= Killer Pussy =

American satirical punk rock group

Killer Pussy was a satirical punk rock/new wave group from Phoenix, Arizona. They are best known for their 1982 song "Teenage Enema Nurses in Bondage".

== History ==
Lucy LaMode, who eventually became Killer Pussy's lead singer, became a fan of punk rock following high school and found herself moonlighting in a Phoenix punk band called "The Roll-Ons" with Les a Go Go singing about pantyhose and feminine hygiene. The Roll-Ons" were backed by Feederz drummer John E. Precious. LaMode met musician Robert X. Planet and began bonding over singer and actress Edith Massey who was part of the John Waters ensemble. Planet later joined the group, as well as guitarist Gary Russell and bassist Dale B. Sari. The expanded group "Killer Pussy" was named after Les a Go Go's cat. Their first EP Teenage Enema Nurses in Bondage was produced by and recorded by Bruce Liddil at Behemoth Studio.

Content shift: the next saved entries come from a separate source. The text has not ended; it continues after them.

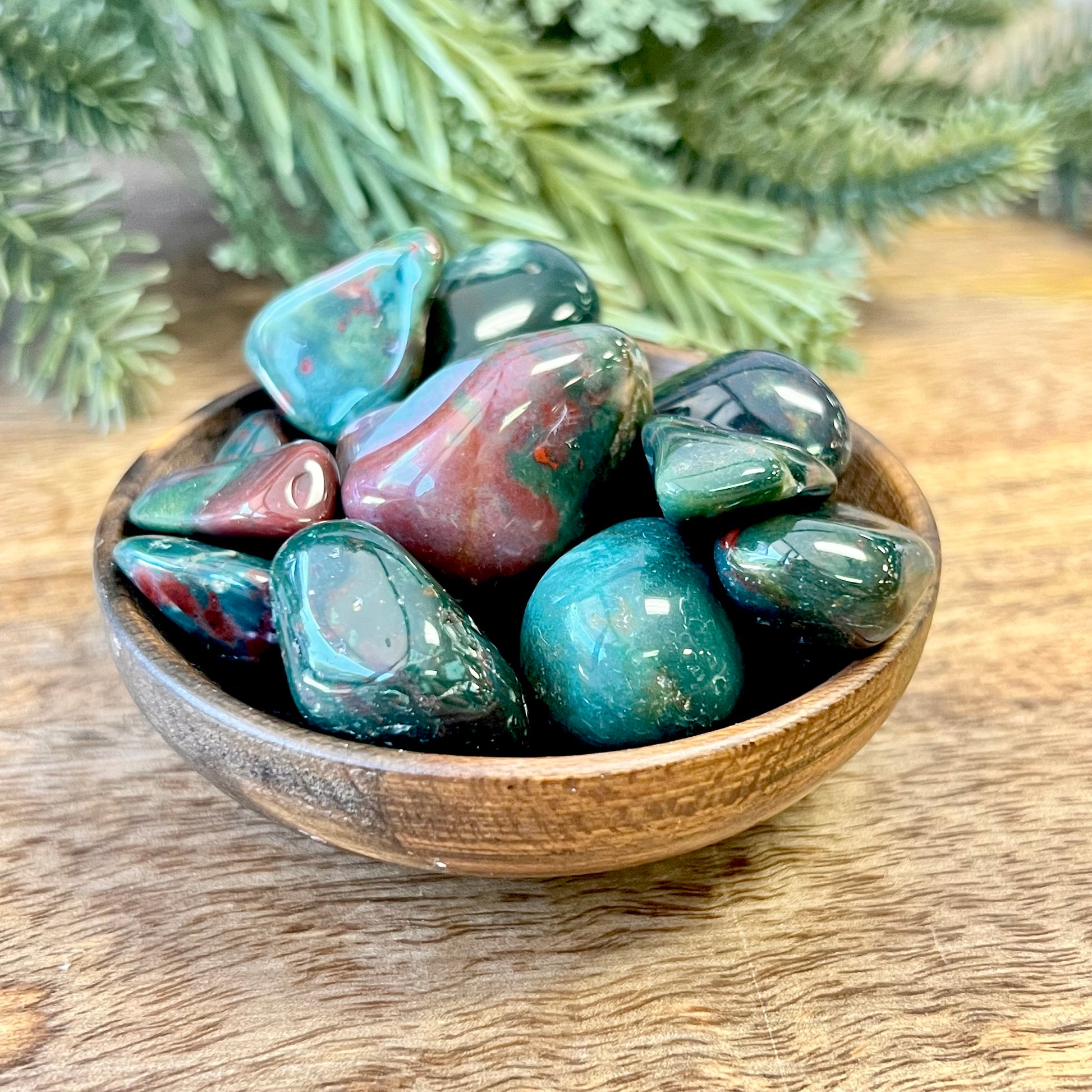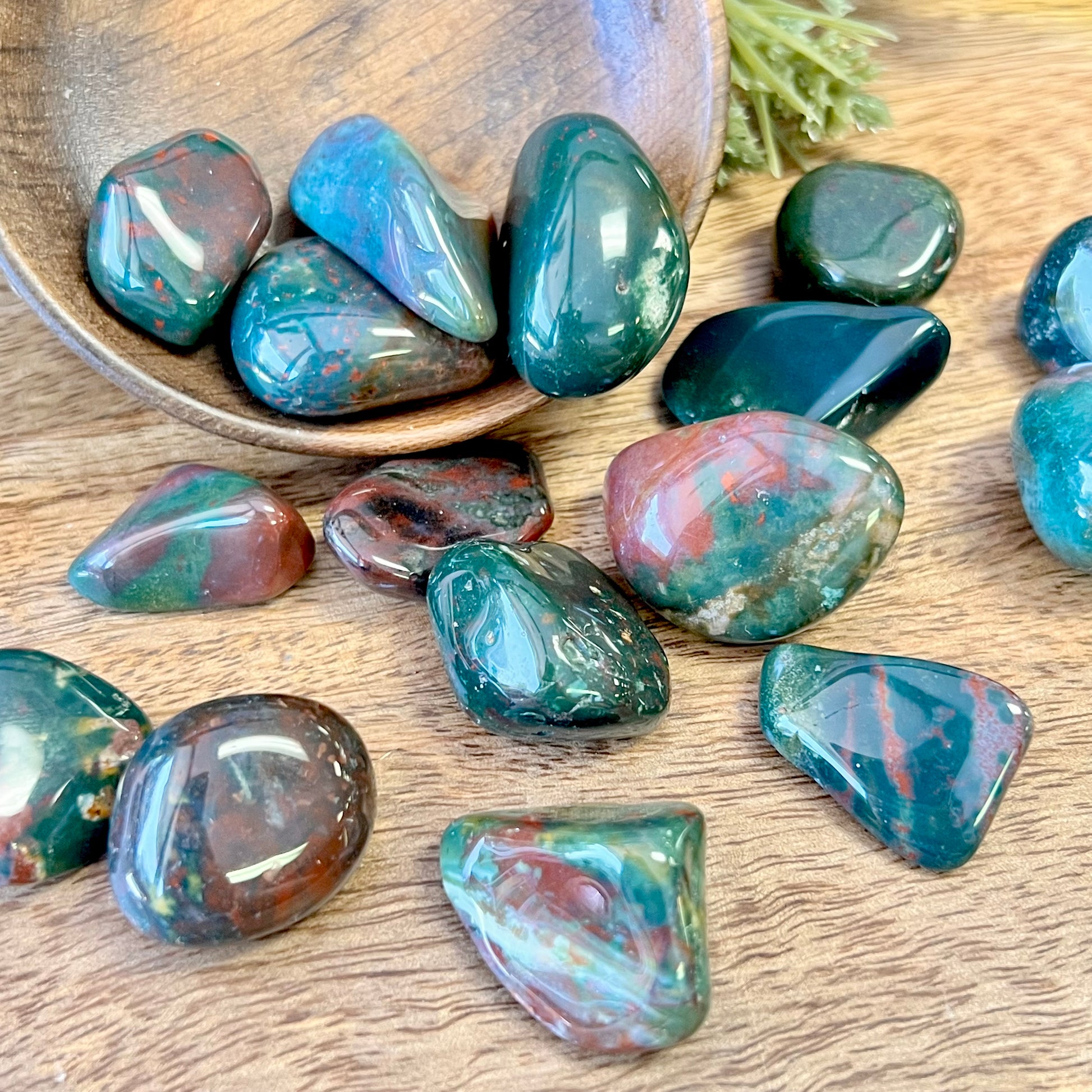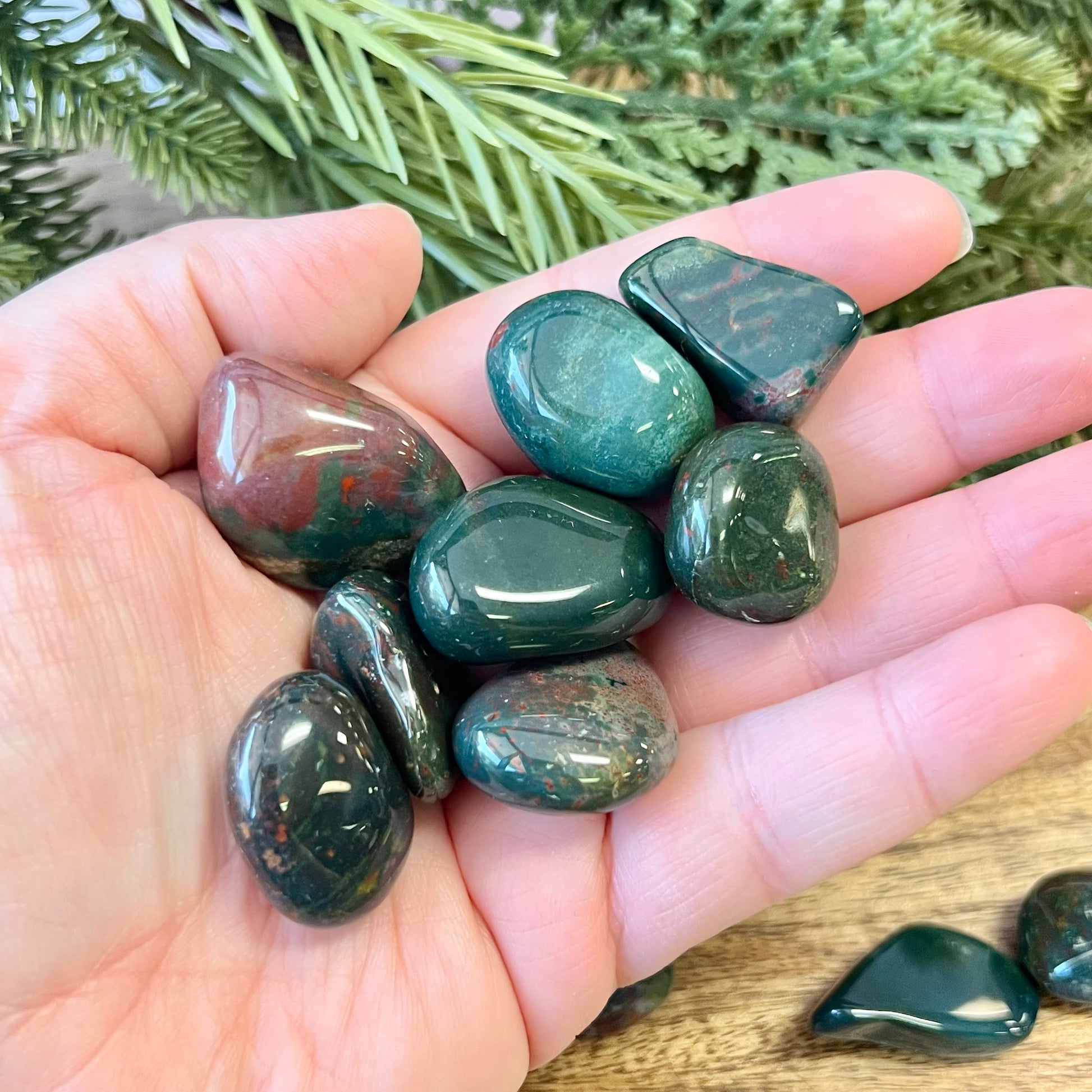 Enhance your spiritual practices with a beautiful Bloodstone tumbled stone. This crystal is a dark green Chalcedony with red spots. Our current inventory is old stock from a private collection.
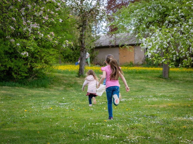 Die Erwachsenen unterstützten die Kleineren oder entspannten sich mit den Bewohnerinnen und Bewohnern auf der neu möblierten Terrasse. Bei Kaffee und Kuchen genossen alle das frühlingshafte Wetter und beobachteten das lebhafte Treiben. Es war ein herrlicher Nachmittag voller Lachen und Leben im Schloss.
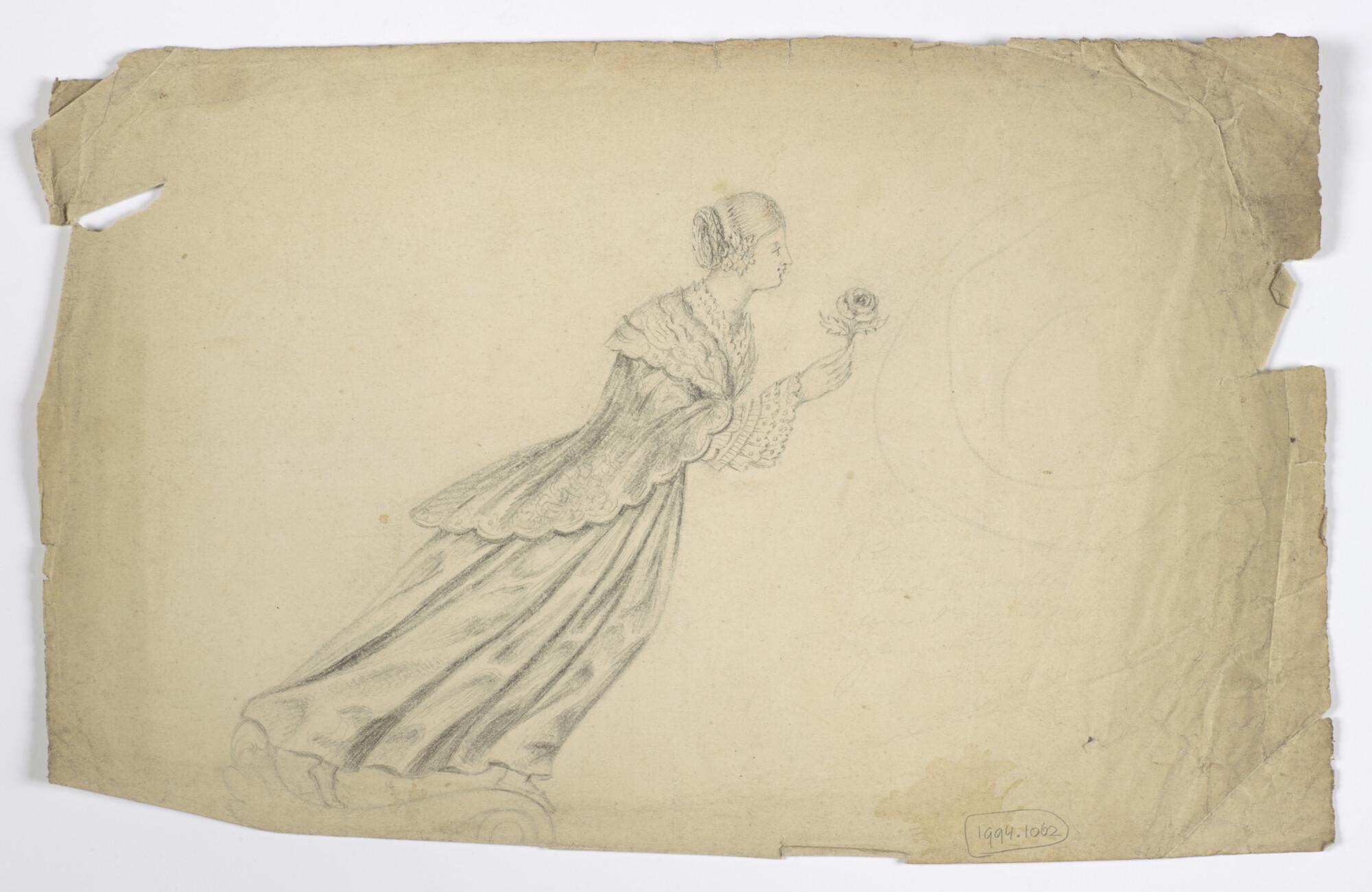 Tekening van een boegbeeld met vrouwenfiguur in lang...

The group became fixtures of the early-80s Phoenix punk scene, where the group became noted for its kitsch. They sang "off-the-wall, "wacky", "smutty" joke songs such as "Pocket Pool", "Dildo Desire" and "Herpes". The group's attire and stage background parodied punk acts.

In May 1982, a hastily recorded four song EP was released. "Teenage Enema Nurses in Bondage" from the EP was soon the second most played song on Los Angeles radio station KROQ. Their popularity continued to grow during a California tour. The band then made a television appearance on USA Network's New Wave Theatre via their manager at the time, Scott Hatch. Actor Dennis Hopper, a fan of the group, painted a portrait of Lucy LaMode that was prominently displayed on the sitcom Square Pegs. A full-length album Bikini Wax along with a single "Moist Towelette", which was a parody of Grace Jones' cover of "Warm Leatherette", was then released.

John E. Precious died in September 1983. During the rest of the 1980s and early 1990s the group occasionally toured and worked on reissues of their back catalog.

In 2010, they played their 30th anniversary concert in Phoenix.

In 2014, Teenage Enema Nurses In Bondage was ranked #9 in the "10 Most Influential Punk Records of Arizona".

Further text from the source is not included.